Ketua Komite Pengawasan DPR James Comer menolak usulan menit terakhir dari mantan Presiden Bill Clinton dan Hillary Clinton untuk menghindari tuduhan penghinaan Kongres terkait penyelidikan Jeffrey Epstein. Keluarga Clinton gagal hadir pada deposisi yang dijadwalkan, memicu potensi voting sejak Rabu. Comer menolak tawaran mereka sebagai tuntutan tidak wajar untuk perlakuan khusus.

Pelepasan sebagian berkas penyelidikan Jeffrey Epstein oleh Departemen Kehakiman AS pada 19 Desember 2025 mencakup foto-foto yang belum pernah dirilis sebelumnya menunjukkan mantan Presiden Bill Clinton bersama selebriti Kevin Spacey, Michael Jackson, dan Diana Ross, disertai gambar yang melibatkan Epstein sendiri, di tengah redaksi berkelanjutan untuk melindungi korban.

Dilaporkan oleh AI

Setelah pelepasan parsial awal file Jeffrey Epstein pada 19 Desember, DOJ menghapus lebih dari selusin dokumen dari situs webnya selama akhir pekan, memicu kritik lebih lanjut dari kedua partai. Wakil Jaksa Agung Todd Blanche membela tindakan tersebut di 'Meet the Press' NBC sebagai hanya untuk perlindungan korban, di tengah tuduhan pelanggaran hukum dan penyembunyian politik.

Presiden Donald Trump mengatakan dia berencana menggugat penulis Michael Wolff dan mempertimbangkan gugatan terpisah terhadap warisan Jeffrey Epstein, menuduh Wolff dan Epstein 'berkonspirasi' untuk merusaknya.
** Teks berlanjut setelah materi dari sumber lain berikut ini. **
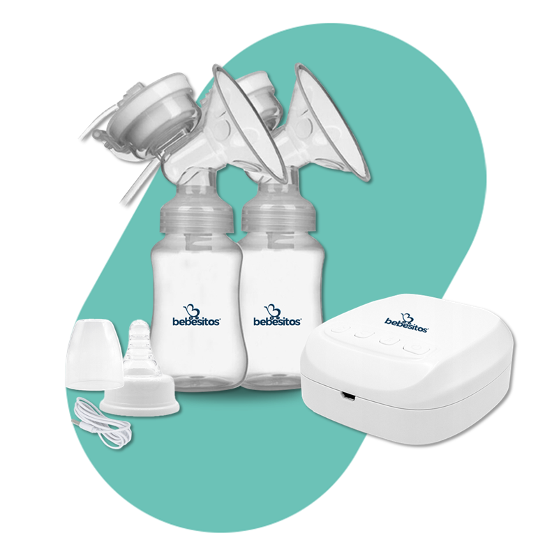 Extractor de leche eléctrico blanco, compacto y práctico, con botellas transparentes. Ideal para mamás modernas.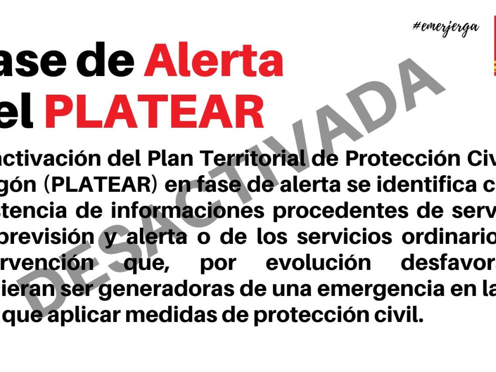 El Gobierno de Aragón desactiva el PLATEAR tras el apagón -
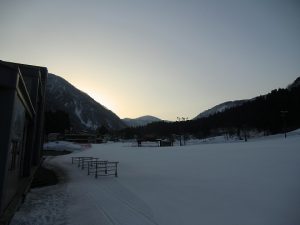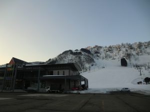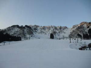スキー場までのアクセス道路は、乾いた路面で日中はノーマルタイヤでも大丈夫です。スピードの出しすぎに注意してご来場ください。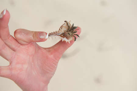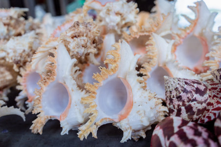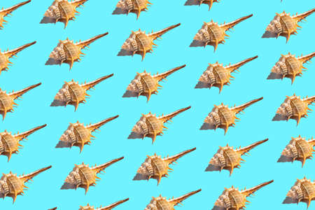 Closeup view of an arrangement of spiny seashells from marine snails or gastropods on sand viewed from above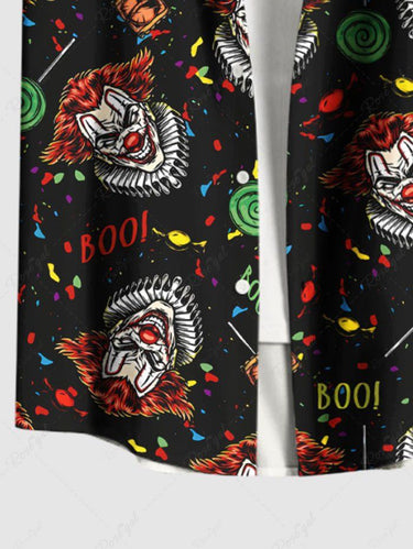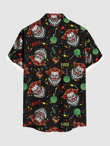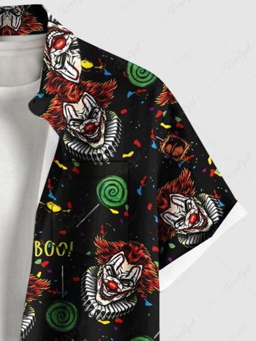 Gothic Plus Size Clown Lollipop Candy Letters Print Button Pocket Shirt For Men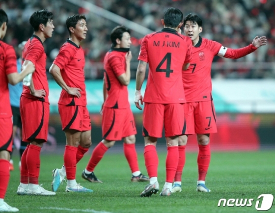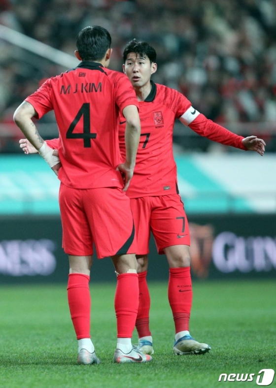 손흥민(오른쪽)과 김민재가 28일 서울월드컵경기장에서 열린 우루과이와 평가전 도중 대화를 나누고 있다. /사진=뉴스1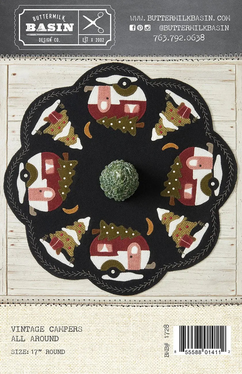 These vintage campers are all decked out for the holidays! The wool applique mat is 17in round.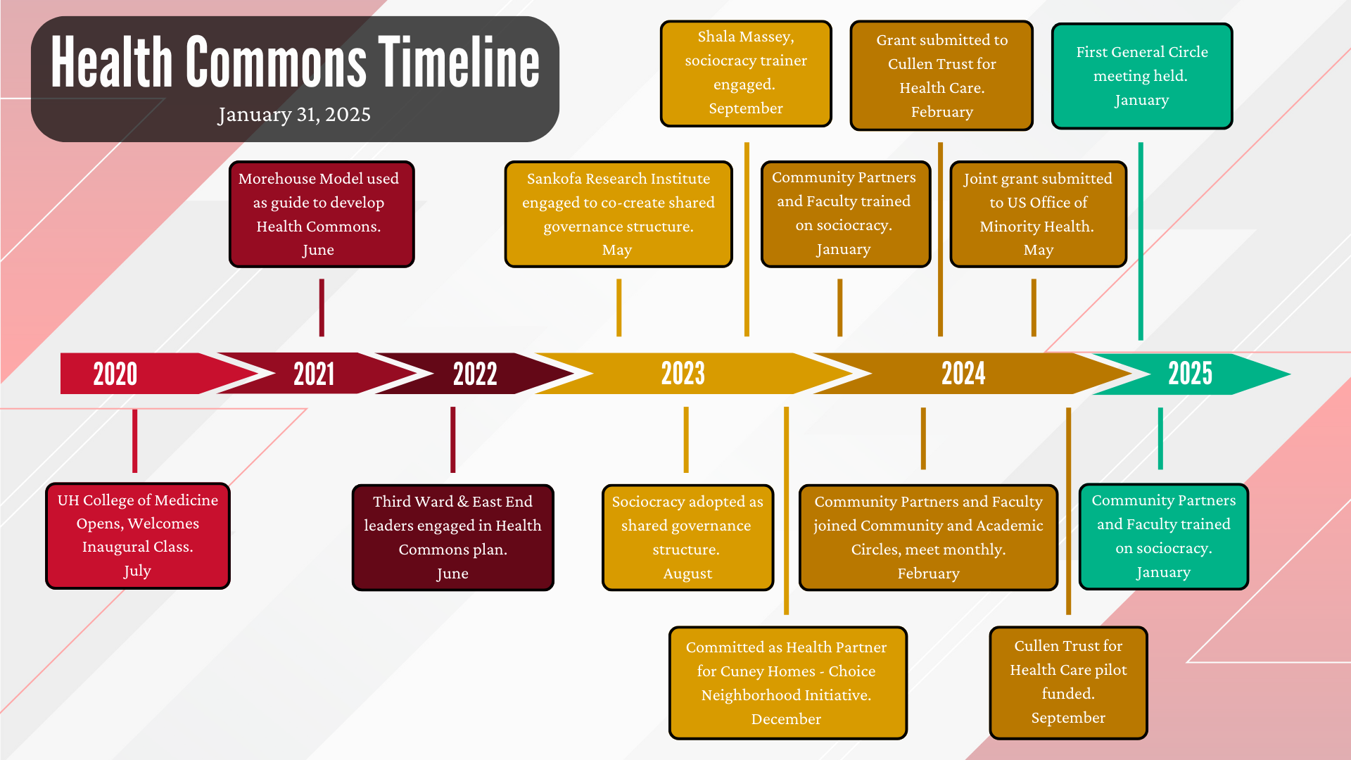 Health Commons is the College of Medicine’s model for community engagement that prioritizes shared leadership. Through an intentional approach to power-sharing, community partners and the College co-create policies and programs to improve community health. Current projects, prioritized by the community, include starting a food buying club and food cooperative at Cuney Homes in Third Ward.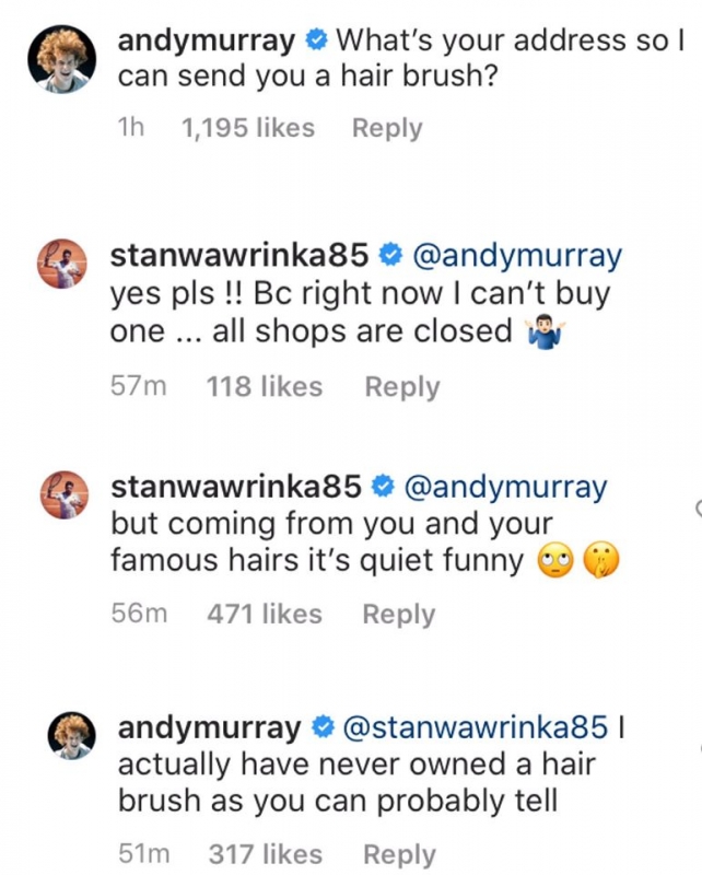 „Какъв е адресът ти, за да мога да ти изпратя четка за коса“, написа под снимката Мъри. Отговорът на Вавринка не закъсня: „Да, моля! Защото точно сега не мога да си купя нито една…всички магазини са затворени.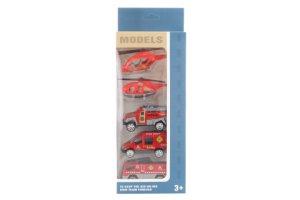 Sada hasičských kovových aut. Balení obsahuje 2 helikoptéry a 3 auta.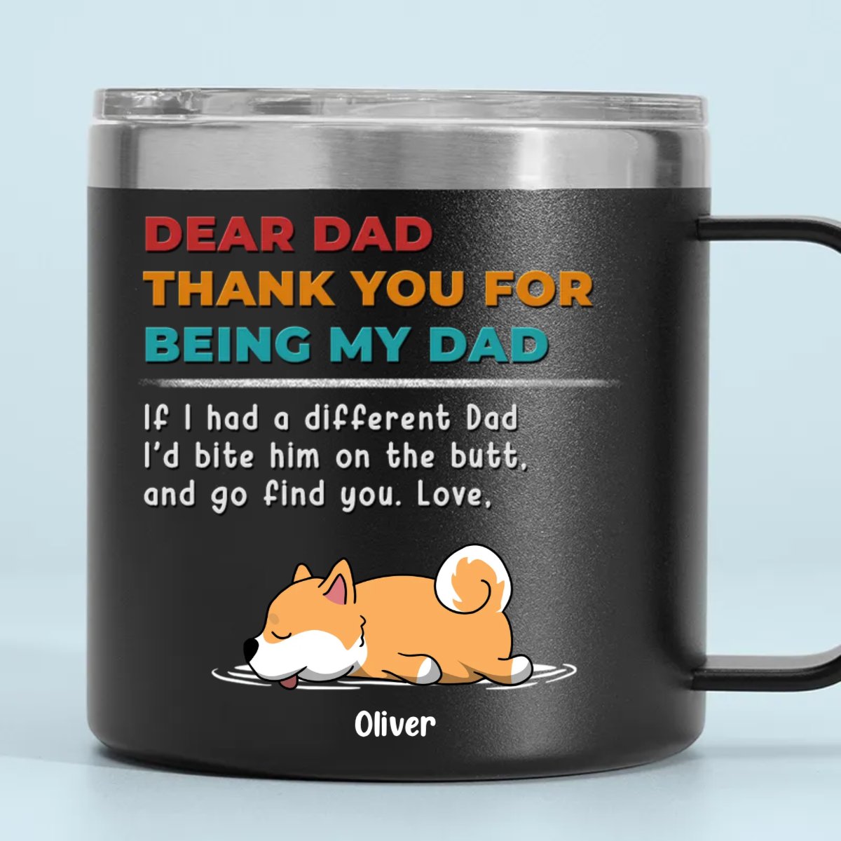 Dog Lovers - Dear Dad Thank You For Being My Dad - Personalized Stainless Steel Tumbler With Handle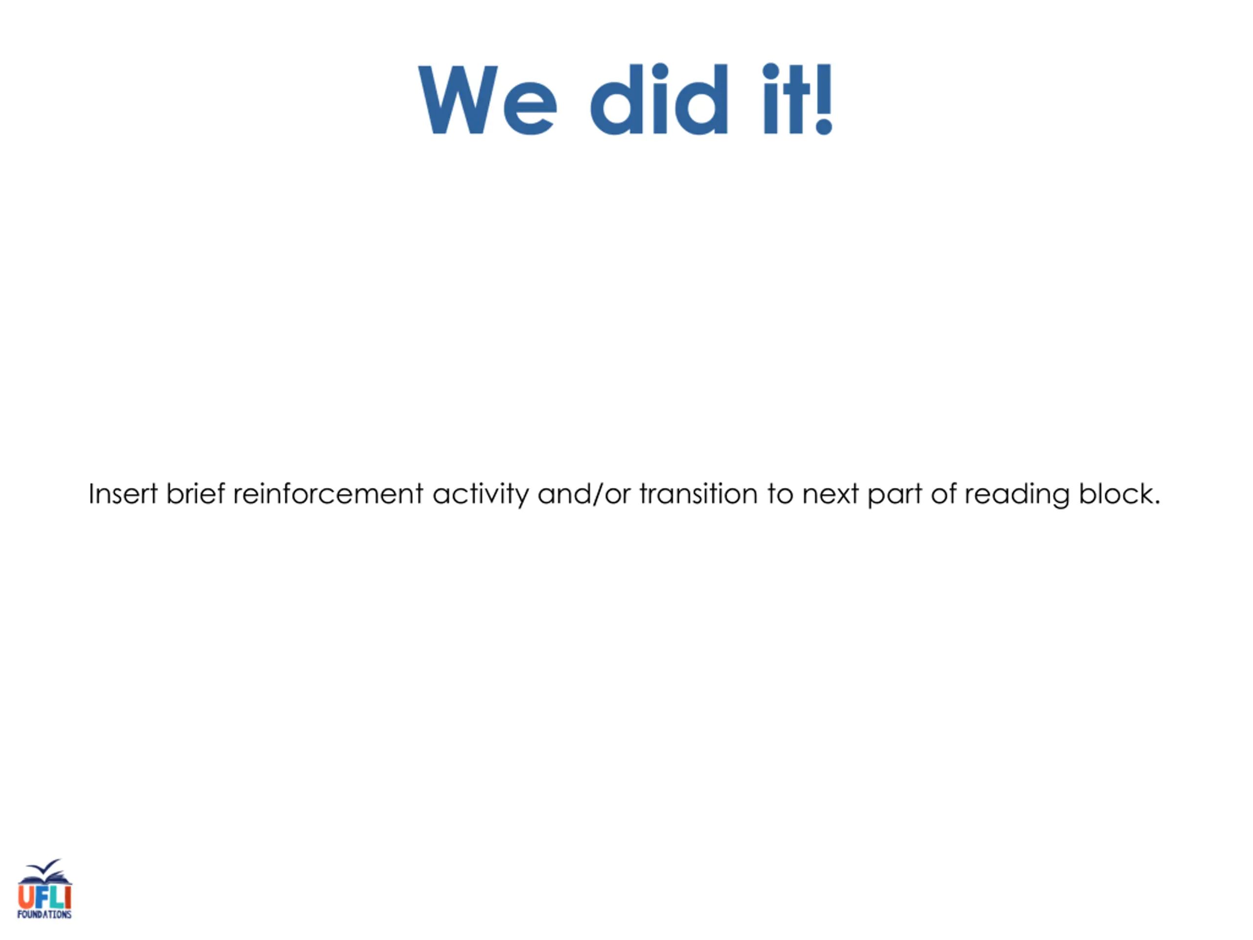 Insert brief reinforcement activity and/or transition to next part of reading block.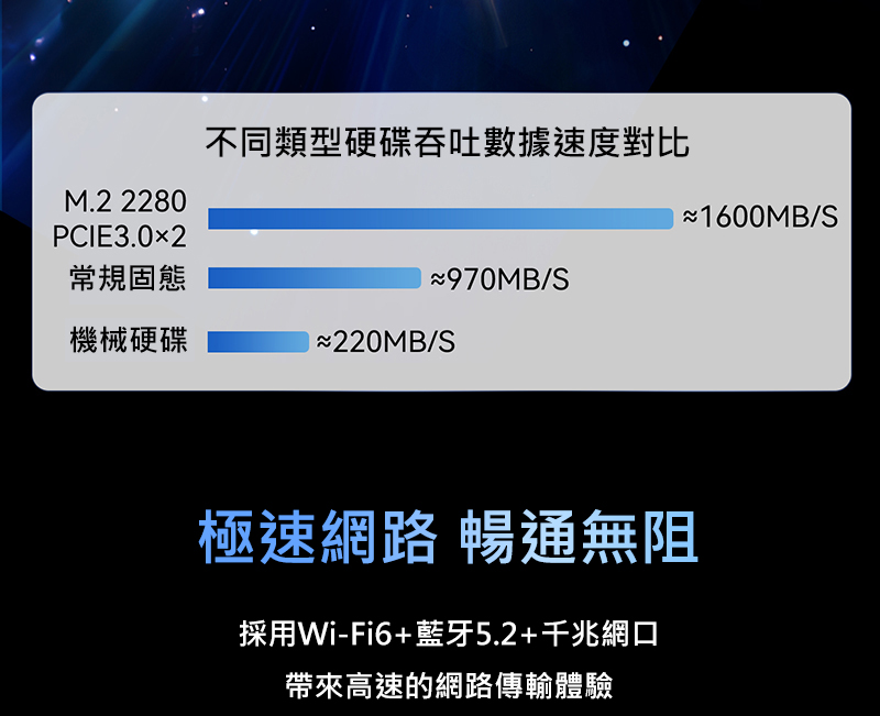 .網路:無線 WIFI 6(2.4G/5G) + 藍牙5.2+ RJ45 1000M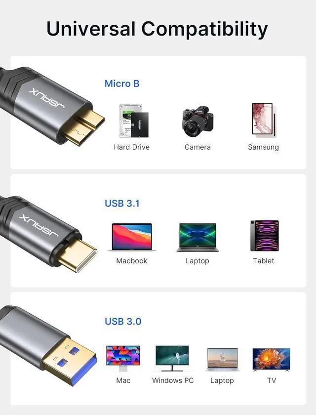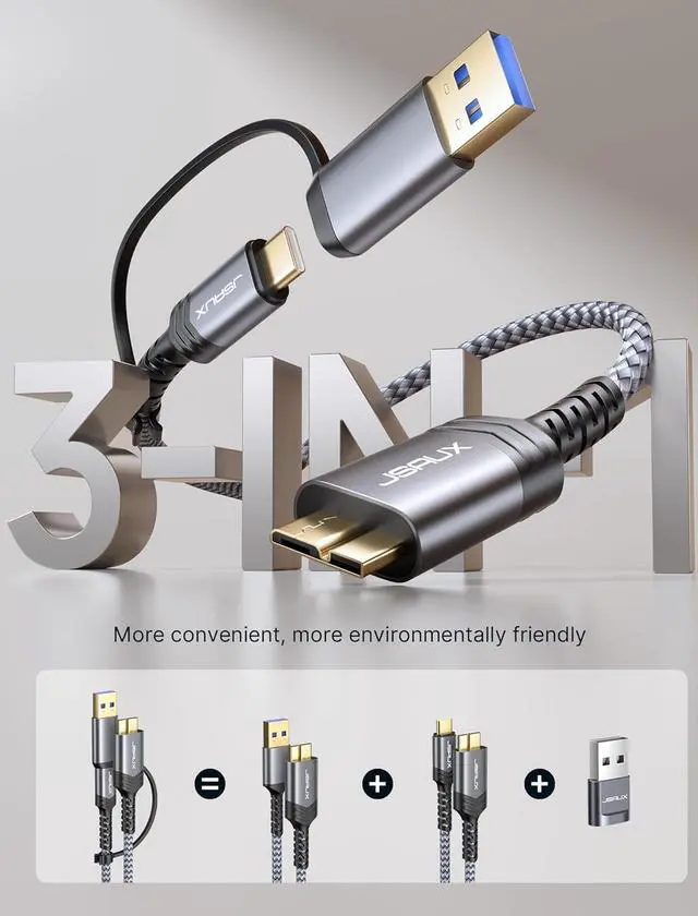 Quality: With Tangle-free Nylon Braided Design and 40000+ bend lifespan testing the SR anti-break design enhances the durability of the USB micro b external hard drive cord made of an aluminium case which offers superior thermal conductivity and enhanced safety compared to plastic. Unique gold-plated connectors also make data transmission more stable. Avoid transmission failure due to instability during fast transmissionWhat you get: It has Micro B to USB A/C External Hard Drive Cable 1.6FT in the pack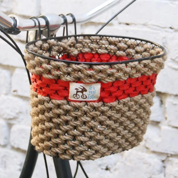 Прекрасная велосипедная корзина на руль с алюминиевой основой и прочным канатом.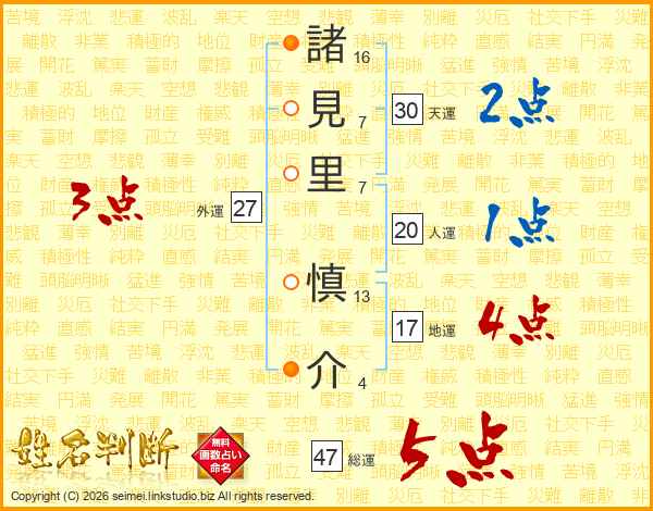 諸(16画)見(7画)里(7画) 慎(13画)介(4画)
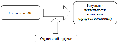Таким образом, на основе анализа релевантной литературы можно прийти к выводу о том, что, во-первых, элементы Интеллектуального капитала влияют на результаты деятельности компании (в том числе, выраженные в терминах прироста стоимости), во-вторых, характер этого влияния подвержен воздействию отрасли. Данное взаимодействие можно представить следующим образом (Рис.4.):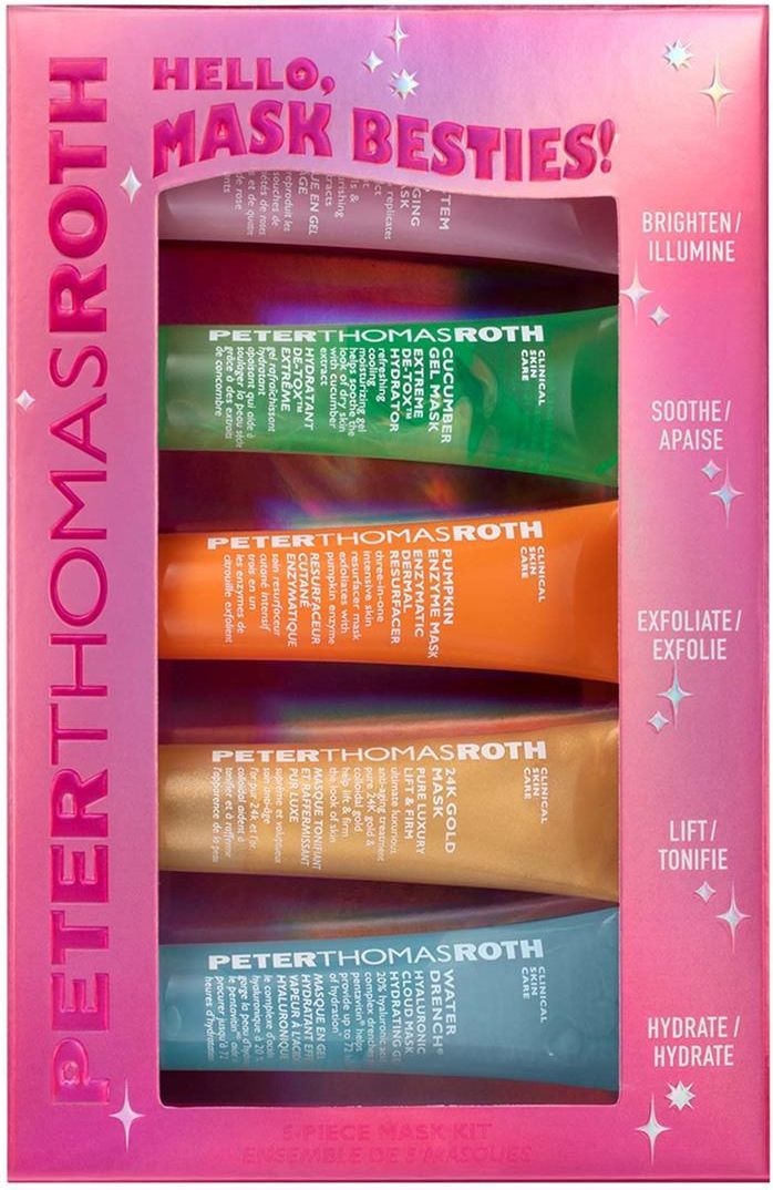 Featuring five powerful formulas that target your skin’s ever-changing needs, the Peter Thomas Roth Hello, Mini Masks Set offers a spa-like treatment with every application. Set Contents: Pumpkin Enzyme Mask 14ml This 3-in-1 formula exfoliates, peels and polishes the skin. Powered by a blend of aluminium oxide crystals and pumpkin enzymes, the mask buffs away dead surface cells to promote a smooth, brighter-looking complexion. Water Drench Hyaluronic Cloud Mask 14ml A skin-quenching treatment enriched with a 20% hyaluronic acid complex, designed to deliver up to 72 hours of hydration. The formula envelops the skin in moisture, helping to minimise feelings of dryness and visibly plump. 24K Gold Mask 14ml With pure 24 karat gold and gemstone peridot at the heart of its formula, this luxurious mask encourages a radiant appearance. Perfect for mature skin types, the treatment minimises the look of fine lines, while delivering a firming effect. Rose Stem Cell Mask 14ml Experience touchably soft skin with this nourishing mask. The rose-scented formula utilises plant biotechnology to add visible luminosity and elasticity to the complexion, its cooling jelly texture instantly refreshing the skin. Cucumber Gel Mask 14ml The Peter Thomas Roth Cucumber Gel Mask provides a sense of comfort to skin after waxes, peels and electrolysis treatments. Gentle and lightweight, the botanical-rich mask leaves skin feeling soothed.

Trump membuat komentar tersebut saat berbicara dengan wartawan di atas Air Force One saat perhatian tertuju pada kumpulan rekaman baru Departemen Kehakiman terkait Epstein.

Dilaporkan oleh AI

Jaksa khusus mantan Jack Smith membela penyelidikannya terhadap Presiden Donald Trump selama sidang Kontite Kehakiman DPR yang kontroversial pada 22 Januari 2026. Republikan menuduh penyelidikan itu bias politik dan kelebihan wewenang, sementara Demokrat memuji kepatuhan Smith pada fakta dan hukum. Kesaksian itu menandai penampilan publik pertama Smith dalam masalah itu setelah dua dakwaan dibatalkan menyusul kemenangan pemilu Trump.

 

 

 

Situs web ini menggunakan cookie

Kami menggunakan cookie untuk analisis guna meningkatkan situs kami. Baca kebijakan privasi kami untuk informasi lebih lanjut.